Madrid’s regional government has announced that it is halting all planned first doses of the Covid vaccine for two weeks, blaming a lack of supply of jabs from Spain’s national administration for its decision.

Ignacio Aguado, Madrid’s deputy president, said that the region’s health authority had received fewer vaccines than initially promised by the Spanish government, and claimed that the decision to reserve some of the first supplies from the end of December and early January was now vindicated.

“We will focus on delivering the second doses, which are so necessary,” Mr Aguado said.

Spain’s health ministry has marked out the strategy for regions to implement, with elderly care home residents and health workers the first risk groups to be vaccinated, and all other over-80s next on the list.

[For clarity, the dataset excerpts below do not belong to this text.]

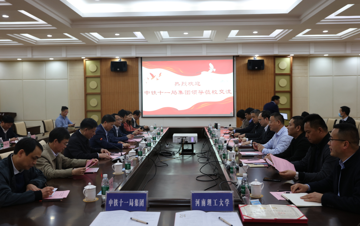 4月14日,我校与中铁十一局集团签署校企合作框架协议,就校企双方在人才培养、科学研究、资源共享、成果转化等方面的合作进行交流,中铁十一局人力资源部、中原指挥部、一公司等相关负责人,我校校友与社会合作办公室、校办、土木学院、测绘学院、安全学院等相关负责人参加了本次活动,会议由校友与社会合作办公室主任邵强主持。
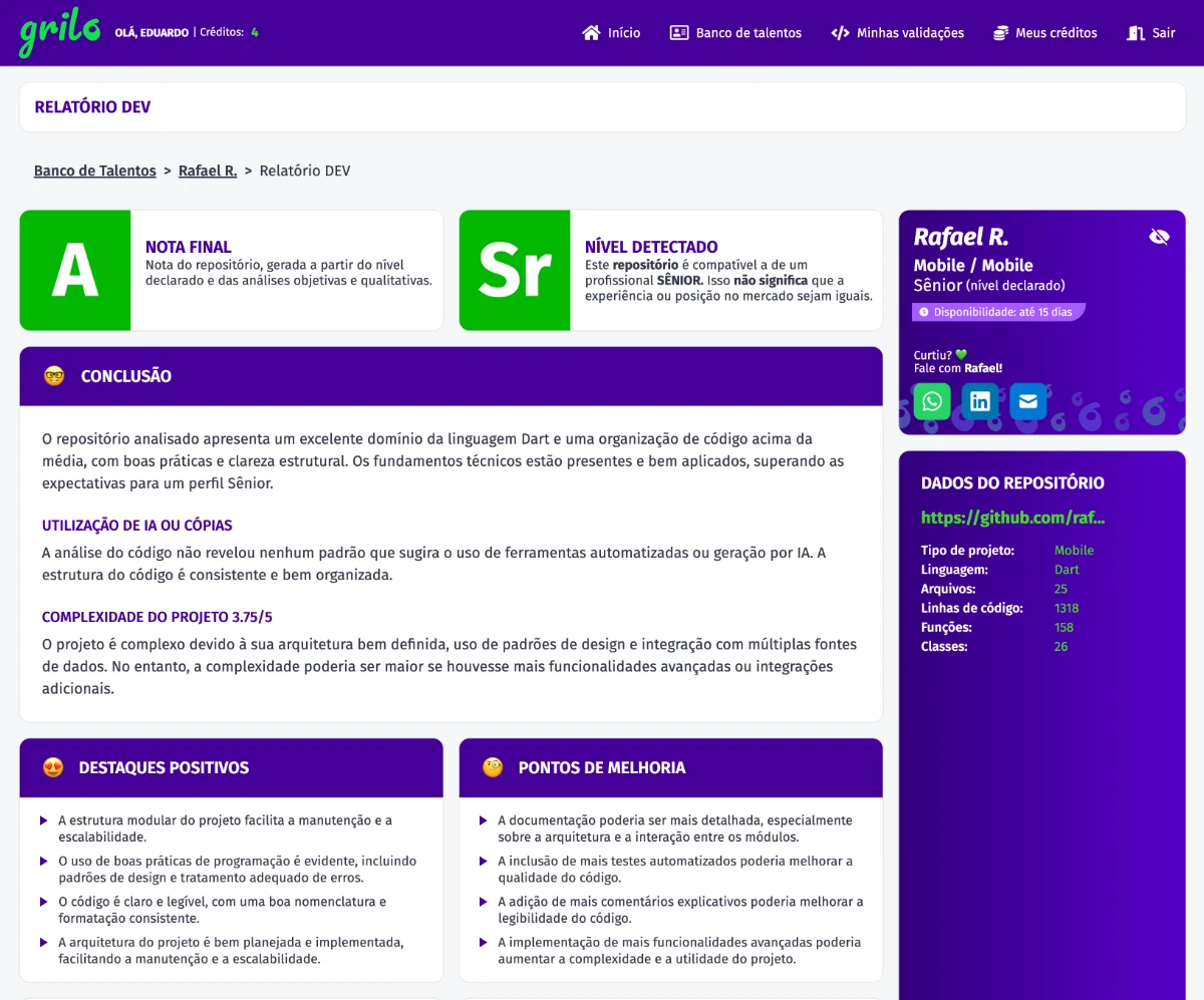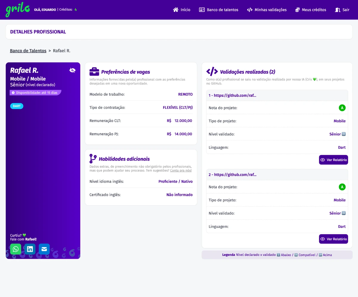 Ao utilizar seus créditos para visualizar os dados de contato de um profissional, você terá acesso ao nome, e-mail, WhatsApp, perfil do LinkedIn e URL do repositório avaliado pela Cris.
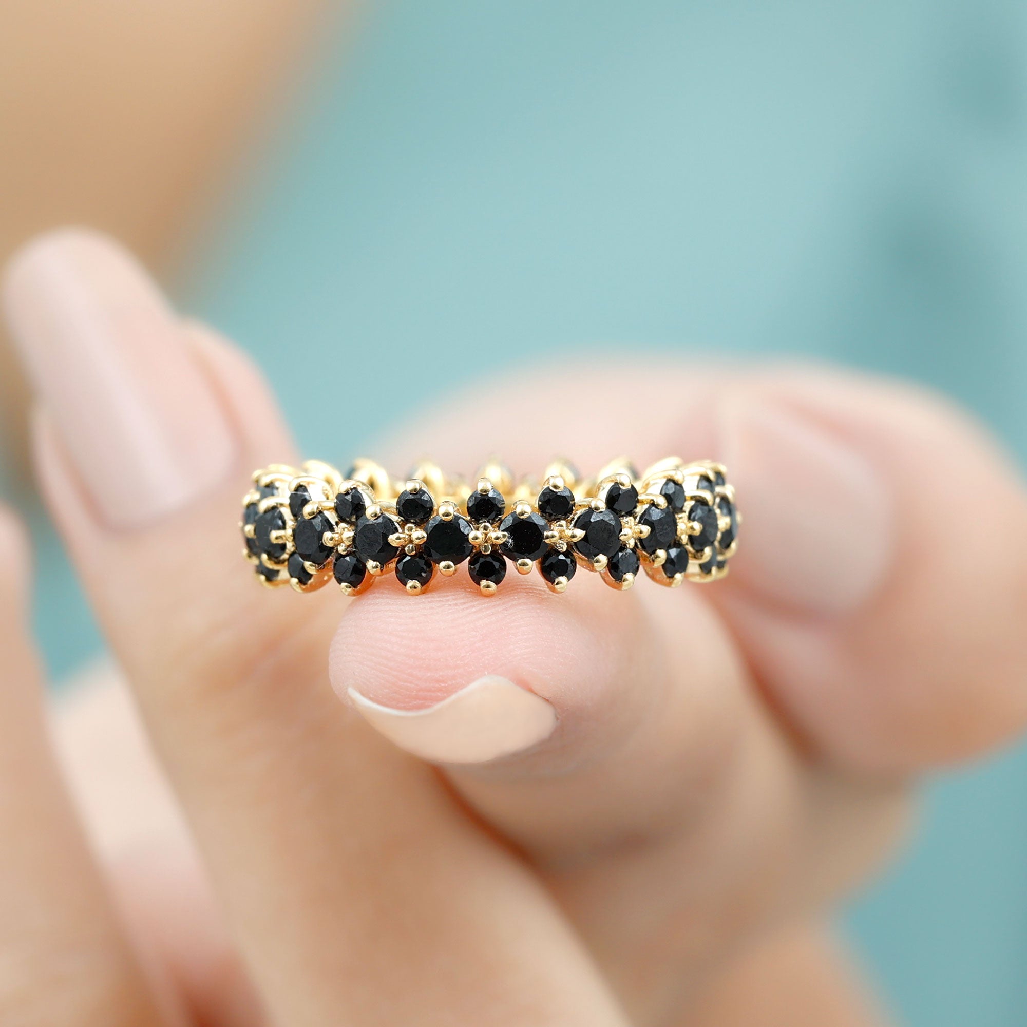 Express your love with this beautiful Full Eternity Ring. Adorned with round-cut black spinel in a prong setting, this ring is crafted from solid gold for a luxurious appeal. It is the perfect present for the special woman in your life, beautifully embellished and unique.
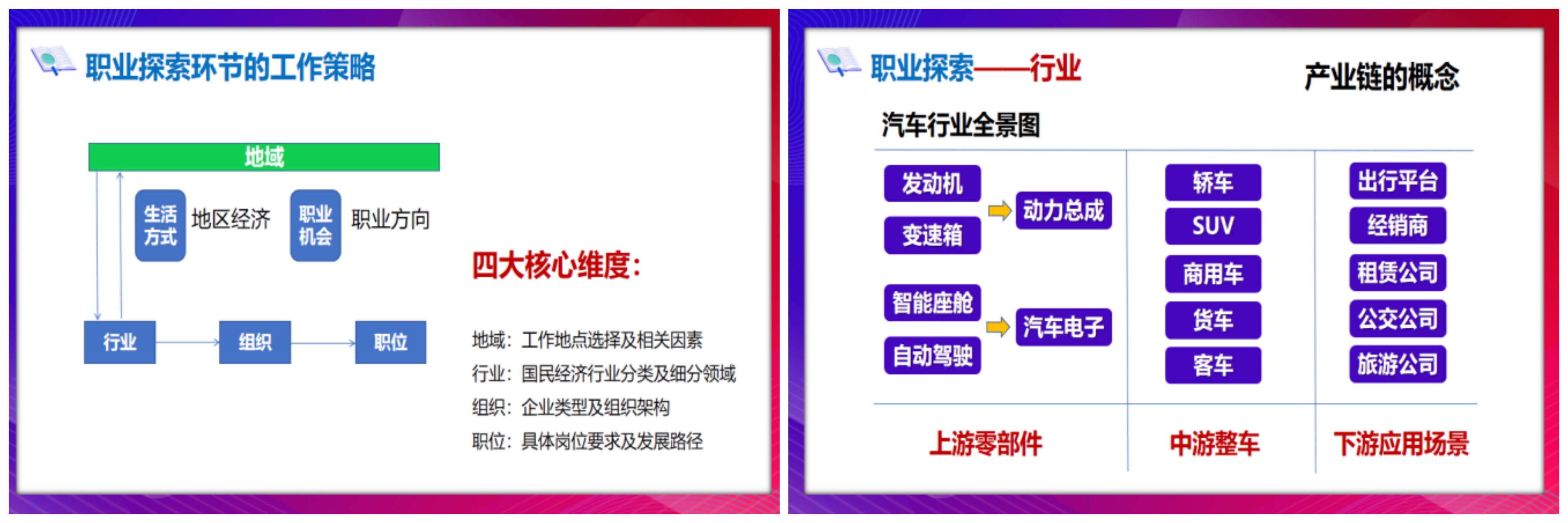 活动的下半场聚焦实践和方法论。李薇系统阐述了职业探索的四大核心维度:“地域、行业、组织、职位”,并为在场大学生提供了针对性的职业调研策略与实用工具:在城市选择上,李薇建议应超越个人偏好,采取数据化与产业化的双重分析框架。她推荐结合《城市商业魅力排行榜》与“产业聚集区”理论,根据不同产业的地理分布特点(如电子信息产业集中于长三角、珠三角,传媒影视业以北上广为核心)进行科学决策。在行业选择方面,她提出了一套系统性评估方法:首先关注国家政策导向,如硬科技与新能源等战略领域;其次分析行业的核心驱动力,判断其为技术驱动或资本驱动;最后,通过“产业链地图”等工具,对目标行业进行从上游到下游的全面梳理,以规避潜在风险,实现精准切入。同时,她还介绍了一些职业工具:学职平台、O*NET、知乎、看准网……现场同学纷纷拿起手机疯狂收藏。

Regions are assigned a proportion of the vaccines imported by Spain according to the needs of their population, but the Spanish government recalculated those numbers partly based on the regions’ different speed of use when Pfizer’s delivery batch was less than expected last week.

Madrid complained that it received only half of the scheduled 48,750 doses on January 18, forcing it to re-examine its strategy.

Madrid has used just under 170,000 doses, but only 4,000 have been second shots.

Faced with a similar problem, the region of Catalonia has taken a different approach and opted to delay the second dose for around 10,000 people beyond the three-week time lag recommended by Pfizer.

Catalonia’s health department noted that the European Medicines Agency based its approval of the Pfizer vaccine on the results of trials in which the time between doses ranged between 19 and 42 days.

Nationwide, just under 1.3 million doses have been administered in Spain in a month.

Given that the population stands at 47 million, the objective of reaching 70 per cent vaccination by the end of the summer remains a tall order.